The Pacific Room Read online




  THE PACIFIC ROOM

  MICHAEL FITZGERALD

  MELBOURNE, AUSTRALIA

  www.transitlounge.com.au

  Published 2017

  Transit Lounge Publishing

  Copyright © Michael Fitzgerald 2017

  This book is copyright. Apart from any fair dealing for the purpose of private study, research, criticism or review, as permitted under the Copyright Act, no part may be reproduced by any process without written permission. Inquiries should be made to the publisher. The moral rights of the author have been asserted.

  Every effort has been made to contact the copyright owners of non-original material reproduced in this text. In cases where these efforts were unsuccessful, the copyright holders are asked to contact the publisher directly.

  Cover and book design: Peter Lo

  Inside covers image: Hall & Co., Robert Louis Stevenson relaxing with Samoans, c. 1893, photographic print, 17.3 x 24cm, State Library of New South Wales, Sydney Author image: Criena Court

  Printed in Australia by McPherson’s Printing Group

  A cataloguing-in-publication entry is available from the

  National Library of Australia at

  www.nla.gov.au

  ISBN: 988-0-9953595-7-4

  For Sean

  I must surrender myself to what surrounds me, unite myself with the clouds and rocks, in order to be what I am.

  —Caspar David Friedrich

  O le gase a ala laovao: Paths in the bush are never obliterated; the past is never lost.

  —Samoan proverb

  We all don the clothes of civilisation to go on shore, looking very strange to each other.

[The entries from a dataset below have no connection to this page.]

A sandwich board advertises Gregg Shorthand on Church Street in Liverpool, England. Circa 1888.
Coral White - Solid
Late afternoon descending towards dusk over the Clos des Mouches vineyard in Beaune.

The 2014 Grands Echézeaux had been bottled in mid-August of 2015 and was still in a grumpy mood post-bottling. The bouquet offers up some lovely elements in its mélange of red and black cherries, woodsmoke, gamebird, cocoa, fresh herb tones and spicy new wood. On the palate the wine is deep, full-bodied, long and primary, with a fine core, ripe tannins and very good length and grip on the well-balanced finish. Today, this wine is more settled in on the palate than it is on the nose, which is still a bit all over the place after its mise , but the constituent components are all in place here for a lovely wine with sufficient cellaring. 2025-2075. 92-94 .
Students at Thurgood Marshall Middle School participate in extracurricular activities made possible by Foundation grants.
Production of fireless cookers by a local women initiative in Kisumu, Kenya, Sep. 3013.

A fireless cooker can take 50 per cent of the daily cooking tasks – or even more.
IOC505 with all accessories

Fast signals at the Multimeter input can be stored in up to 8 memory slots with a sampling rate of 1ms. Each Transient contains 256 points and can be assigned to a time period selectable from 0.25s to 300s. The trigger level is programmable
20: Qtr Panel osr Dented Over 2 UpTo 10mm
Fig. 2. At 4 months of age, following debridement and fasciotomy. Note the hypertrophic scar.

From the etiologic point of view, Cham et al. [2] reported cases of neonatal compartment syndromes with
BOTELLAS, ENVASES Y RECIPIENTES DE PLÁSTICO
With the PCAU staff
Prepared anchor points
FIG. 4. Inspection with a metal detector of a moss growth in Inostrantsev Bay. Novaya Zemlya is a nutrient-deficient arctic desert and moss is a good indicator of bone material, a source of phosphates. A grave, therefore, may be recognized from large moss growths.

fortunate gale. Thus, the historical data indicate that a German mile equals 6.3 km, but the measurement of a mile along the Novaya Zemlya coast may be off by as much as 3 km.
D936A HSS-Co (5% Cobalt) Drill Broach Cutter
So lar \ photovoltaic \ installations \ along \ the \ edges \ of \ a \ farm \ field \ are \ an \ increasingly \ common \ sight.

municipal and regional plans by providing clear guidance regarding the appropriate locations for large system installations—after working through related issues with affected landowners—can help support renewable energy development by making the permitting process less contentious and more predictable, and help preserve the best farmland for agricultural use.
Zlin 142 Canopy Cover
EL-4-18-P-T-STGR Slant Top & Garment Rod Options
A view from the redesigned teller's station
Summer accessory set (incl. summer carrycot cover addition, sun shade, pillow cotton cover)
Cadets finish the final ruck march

  —Fanny Van de Grift Stevenson

  Chapter 1

  THE DRAWING

  He spits out the pill so it rests like a shiny blue egg in the palm of his hand.

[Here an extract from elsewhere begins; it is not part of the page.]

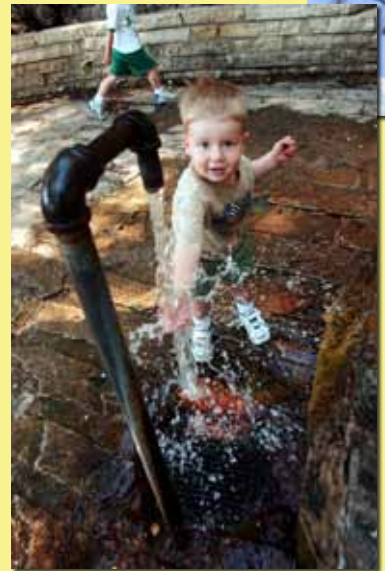
Mississippi Palisades State Park

“We come and go, but the land is always there.
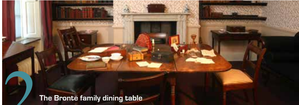
The Brontë family dining table

The importance of writers' tables to literary history is indisputable and in the Brontë Parsonage's collection is a table like no other. Without context, it is a normal looking, mahogany, drop-leaf table. But the well-loved, ink-stained table is not normal. Within the Parsonage, at the edge of the wild Yorkshire moorland, Charlotte, Emily, and Anne Brontë gathered at their dining table and wrote several of the most iconic novels in the world.

  He remembers his Aunt Agatha – Scottish to the core – saying, ‘Elegance is refusal,’ at her bluestone house in Dunedin. He remembers the geranium, neither watered nor pruned, that grew on her kitchen windowsill, patterning the glass like wrought-iron lace gone wild. Refusal can lead to these strange flourishes, he thinks, which can grow elaborate over time and, given the right conditions, burst like a flower through the brain.

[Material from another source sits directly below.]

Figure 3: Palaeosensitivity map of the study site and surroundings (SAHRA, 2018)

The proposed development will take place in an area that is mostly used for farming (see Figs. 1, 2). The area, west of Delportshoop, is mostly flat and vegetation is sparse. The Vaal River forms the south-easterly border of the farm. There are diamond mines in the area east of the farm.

  We can only imagine what we don’t have, he thinks, binning the pill his psychiatrist prescribed for him, and staring up at the tall frosted window, which gives little idea of the lush greenery of Sydney’s Royal Botanic Garden running rampant outside.

  In the humid hum of this early December morning, just after ten, Lewis Wakefield has taken brief sanctuary in the men’s toilets of the Mitchell Library, among its Duchamplike urinals and white tiles. In the great light-drenched fish tank of the Reading Room, his stack request slips are being processed, weeded out from the genealogical searches and mad rants that greeted library staff when the portico doors were prised opened at nine.

  He imagines the stack searchers trying to make sense of his pencil marks, tentative at first, then emboldened: The South Seas: A Record of Three Cruises in the Islands … Pt 1, The Marquesas, ca. 1889, an original manuscript (though the attendant has insisted the microfiche will do); Robert Louis Stevenson and family, March 1893, among a handful of photographs; and, he still can’t quite believe his luck, Robert Louis Stevenson, ca. 1892 / sketched by Girolamo Pieri Ballati Nerli, a pencil drawing.

  The last is as close as he’s come to the real subject of his search, the Italian painter’s oil rendering of the Scottish writer in Samoa, and Lewis can feel a pleasurable surge of discovery, of vague outlines becoming near and tangible, and the intimate truth of touch. In a few days he will travel to Apia to continue his research, and staring up at the frosted window he can already picture a mountain forest framed there, lush with tree ferns and weeping with waterfalls. He becomes tangled in these threading, shooting thoughts.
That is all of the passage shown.